__EXERCISE DIRECTIONS__
In the listing that follows, locate the line containing "לפתיחת משתמשי ספק, יש" and the line containing "اجازه میدیم چسب". Retype exactly those two lines and every line between them, and nothing more.

__DATA FOR PROCESSING__

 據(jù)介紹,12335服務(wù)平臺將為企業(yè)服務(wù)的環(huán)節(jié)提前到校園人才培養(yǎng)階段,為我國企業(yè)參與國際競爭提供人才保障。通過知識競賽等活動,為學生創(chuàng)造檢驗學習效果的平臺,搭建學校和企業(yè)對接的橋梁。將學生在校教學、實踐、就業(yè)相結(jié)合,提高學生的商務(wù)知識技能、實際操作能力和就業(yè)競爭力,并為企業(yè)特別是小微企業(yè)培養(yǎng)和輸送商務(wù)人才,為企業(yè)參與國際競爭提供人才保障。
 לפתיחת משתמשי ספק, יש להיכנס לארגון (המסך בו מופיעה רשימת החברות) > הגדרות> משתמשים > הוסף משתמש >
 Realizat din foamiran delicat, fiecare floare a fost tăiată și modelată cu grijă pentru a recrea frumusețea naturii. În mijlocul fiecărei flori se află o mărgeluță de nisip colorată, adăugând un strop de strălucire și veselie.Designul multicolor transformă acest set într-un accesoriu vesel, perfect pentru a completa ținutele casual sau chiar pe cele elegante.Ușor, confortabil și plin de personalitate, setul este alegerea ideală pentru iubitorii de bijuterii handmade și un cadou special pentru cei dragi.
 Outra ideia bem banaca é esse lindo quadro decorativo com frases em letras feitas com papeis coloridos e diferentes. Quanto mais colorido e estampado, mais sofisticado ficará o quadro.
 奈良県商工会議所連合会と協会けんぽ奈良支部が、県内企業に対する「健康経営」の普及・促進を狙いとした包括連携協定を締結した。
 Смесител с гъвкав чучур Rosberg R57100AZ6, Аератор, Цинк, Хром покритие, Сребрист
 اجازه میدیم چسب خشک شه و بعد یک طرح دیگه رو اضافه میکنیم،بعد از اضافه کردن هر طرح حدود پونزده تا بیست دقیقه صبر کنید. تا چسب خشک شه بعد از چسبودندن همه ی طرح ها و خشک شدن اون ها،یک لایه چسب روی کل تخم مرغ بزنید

...

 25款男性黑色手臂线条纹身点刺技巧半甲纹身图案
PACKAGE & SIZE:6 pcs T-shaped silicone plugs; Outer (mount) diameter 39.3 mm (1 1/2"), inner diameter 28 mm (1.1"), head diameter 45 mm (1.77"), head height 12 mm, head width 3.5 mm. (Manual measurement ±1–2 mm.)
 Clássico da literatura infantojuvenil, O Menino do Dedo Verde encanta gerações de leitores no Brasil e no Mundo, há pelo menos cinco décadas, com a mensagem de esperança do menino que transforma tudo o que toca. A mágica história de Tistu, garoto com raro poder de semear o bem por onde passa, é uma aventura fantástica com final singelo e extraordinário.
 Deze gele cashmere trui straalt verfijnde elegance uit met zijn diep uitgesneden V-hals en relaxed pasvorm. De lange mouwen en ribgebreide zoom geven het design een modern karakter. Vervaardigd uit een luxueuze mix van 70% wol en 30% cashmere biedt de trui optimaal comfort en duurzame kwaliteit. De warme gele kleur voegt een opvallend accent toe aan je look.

---

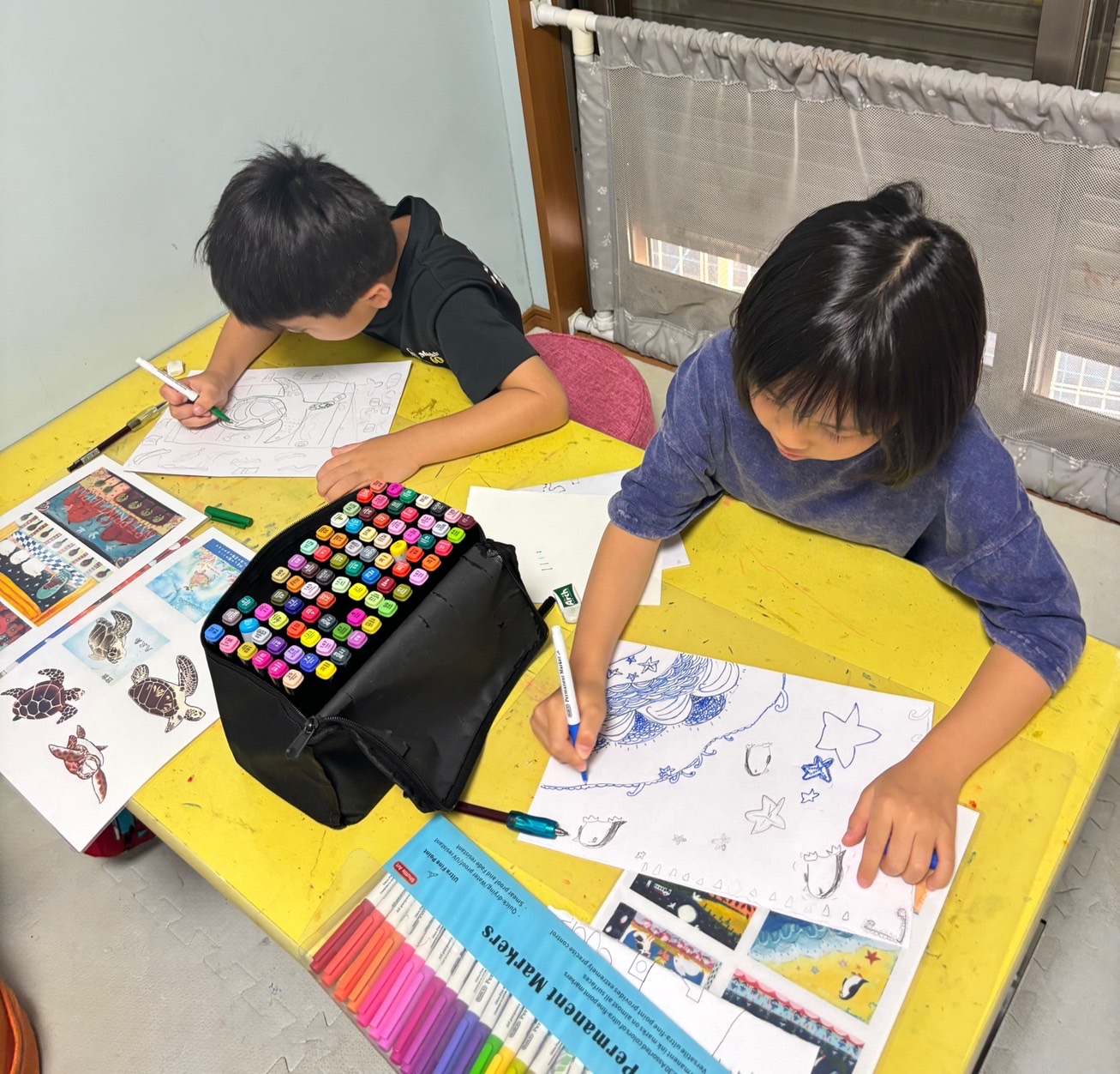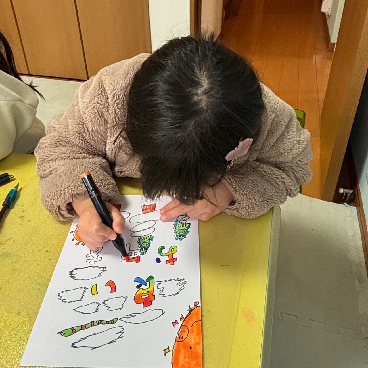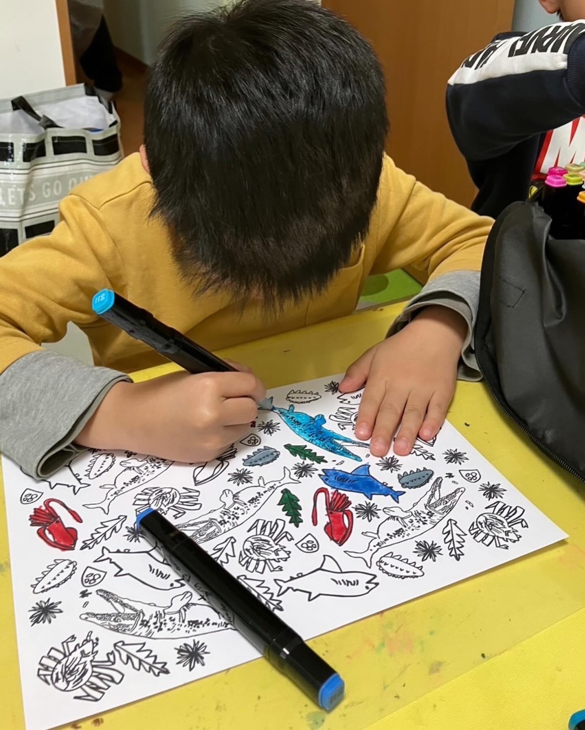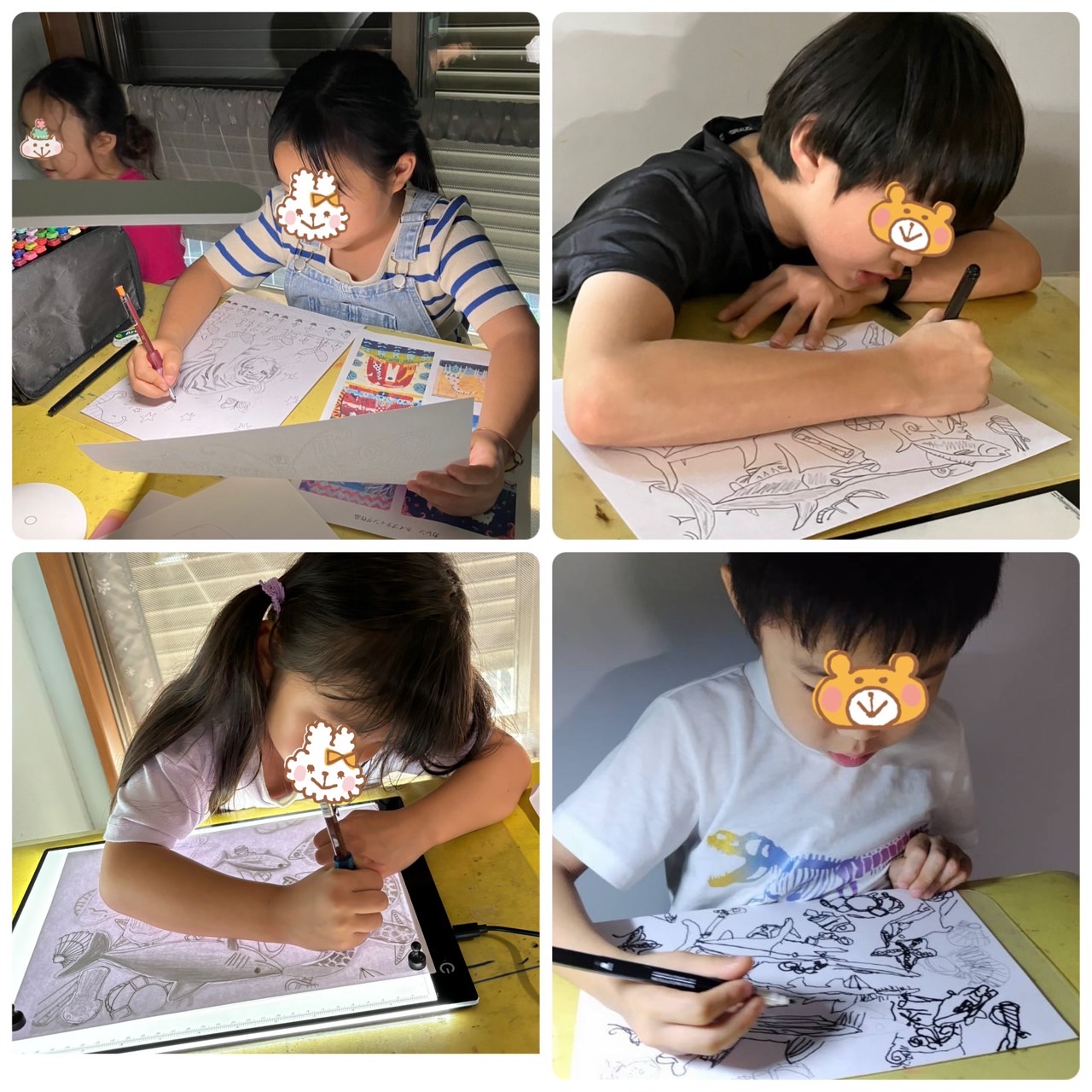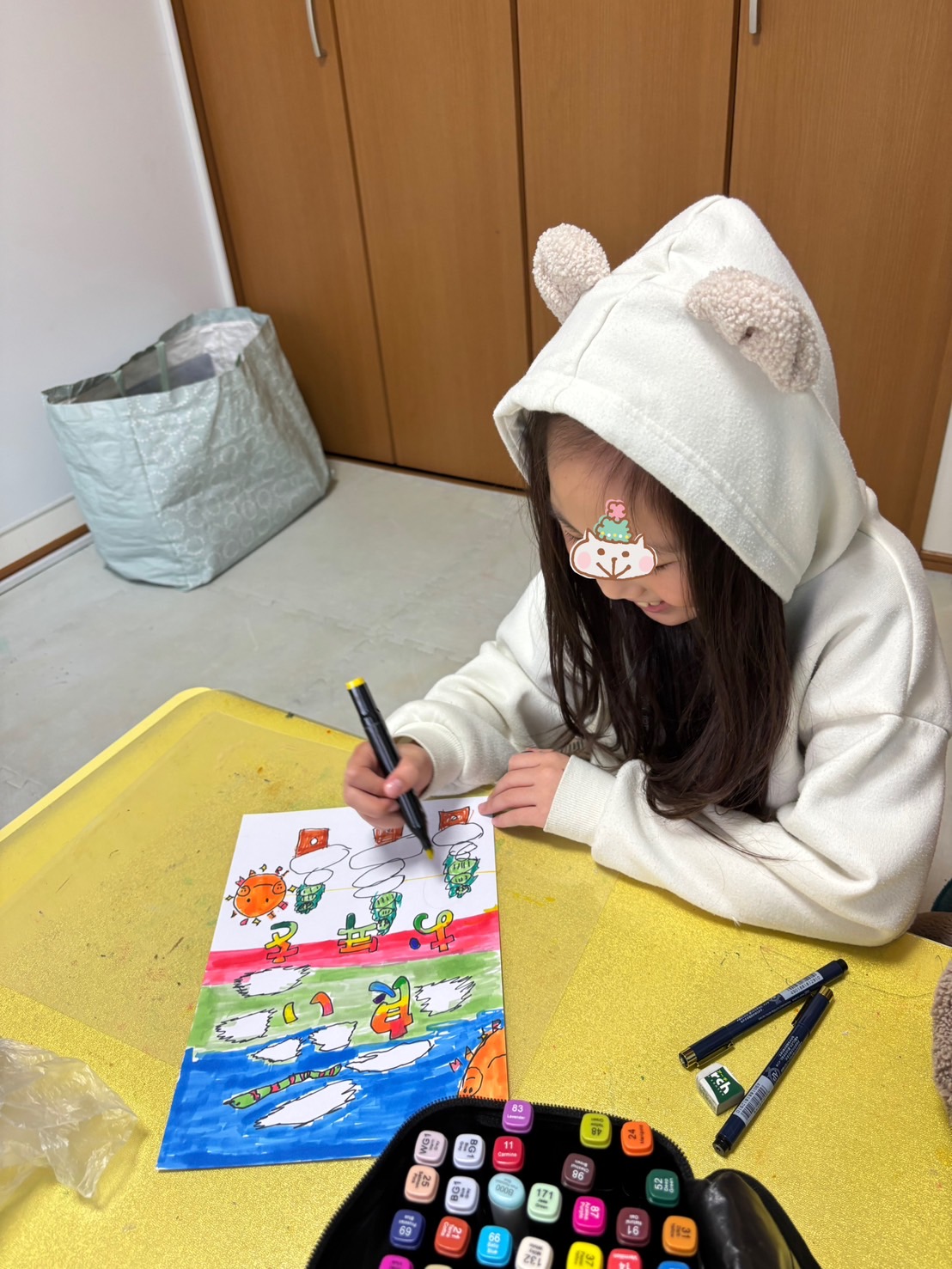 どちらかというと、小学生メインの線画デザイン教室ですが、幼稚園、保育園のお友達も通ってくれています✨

__TASK ANSWER__
 לפתיחת משתמשי ספק, יש להיכנס לארגון (המסך בו מופיעה רשימת החברות) > הגדרות> משתמשים > הוסף משתמש >
 Realizat din foamiran delicat, fiecare floare a fost tăiată și modelată cu grijă pentru a recrea frumusețea naturii. În mijlocul fiecărei flori se află o mărgeluță de nisip colorată, adăugând un strop de strălucire și veselie.Designul multicolor transformă acest set într-un accesoriu vesel, perfect pentru a completa ținutele casual sau chiar pe cele elegante.Ușor, confortabil și plin de personalitate, setul este alegerea ideală pentru iubitorii de bijuterii handmade și un cadou special pentru cei dragi.
 Outra ideia bem banaca é esse lindo quadro decorativo com frases em letras feitas com papeis coloridos e diferentes. Quanto mais colorido e estampado, mais sofisticado ficará o quadro.
 奈良県商工会議所連合会と協会けんぽ奈良支部が、県内企業に対する「健康経営」の普及・促進を狙いとした包括連携協定を締結した。
 Смесител с гъвкав чучур Rosberg R57100AZ6, Аератор, Цинк, Хром покритие, Сребрист
 اجازه میدیم چسب خشک شه و بعد یک طرح دیگه رو اضافه میکنیم،بعد از اضافه کردن هر طرح حدود پونزده تا بیست دقیقه صبر کنید. تا چسب خشک شه بعد از چسبودندن همه ی طرح ها و خشک شدن اون ها،یک لایه چسب روی کل تخم مرغ بزنید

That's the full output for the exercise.